What did you expect when you started work? Did anything surprise you?

I was surprised how the main hurdles when trying to reduce greenhouse gas emissions are not actually technical. A surprising amount of my job is doing financial and business modelling, trying to demonstrate to others that green solutions stack up commercially.

Normally the technical bits are easy. It’s getting the people and the money in line that can be more challenging, so that’s often where I end up focusing my time.

What's the best thing about the job?

Making a difference. The negative impact we are have on the environment upsets me greatly so, my main professional motivation is to reduce this as much as possible, by finding different ways to decrease greenhouse gas emissions.

The diversity of work. The projects that I work on cover a whole spectrum of energy and carbon saving type problems, from advising governments on renewable energy support policies to writing climate change action plans for cities.

And the worst?

Low carbon energy advice is a brand new area of expertise - unlike being a building service engineer where the skills and career development path is already clearly defined - energy strategy is constantly evolving, there is no set development path. While this is exciting, it can also be difficult, especially when trying to decide where next to take your experience and skill set. The positive side of this is the freedom I have to take my career where I like.

What have been your career highlights so far?
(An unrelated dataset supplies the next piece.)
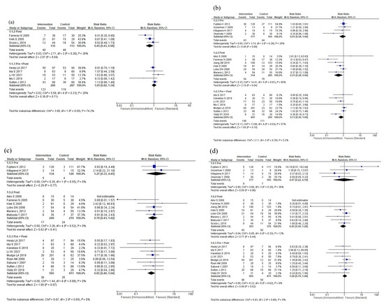 Four studies reported severe complications. Immunonutrition is unlikely to reduce severe complications compared to standard nutritional therapy (RR: 1.06, 95% CI: 0.67–1.67, I2 = 0%, n = 4; COE: moderate; Figure 3c).

I was seconded for five months to the Greater London Authority as a technical advisory expert for the development and production of the draft London Climate Change Mitigation and Energy Strategy. This document set out the strategy for delivering 60 per cent CO2 reductions across London by 2025.

Chinese Eco Cities - developing a model for green urbanisation in the Far East is perhaps one of the most pressing climate change mitigation issues facing mankind. While on a year secondment in Hong Kong, I was heavily involved in building a relationship between Arup and General Electric to deliver innovative new Eco City solutions across China. I led on all energy generation and management aspects of the design, and gained invaluable experience working in various Chinese locations.

Is there any advice you’d like to pass on to those about to enter an engineering workplace?

Don’t wait around to be picked up by a graduate scheme. Get out there, meet engineers, make phone calls and get your face in front of people – if you’re in the right place at the right time, someone might just hire you!

This is a straight up plug but the green energy and sustainability sector is one of the few still going strong in the global recession so, if you’re hoping to specialise, this is an area where one can make a difference and find work.

What are your future career plans?

Ultimately, I want to be making - or at least guiding - key decisions on how to mitigate climate change, in particular around urbanisation and cities. I would also love to do another period abroad, as my year in Hong Kong was one of most rewarding times in my career.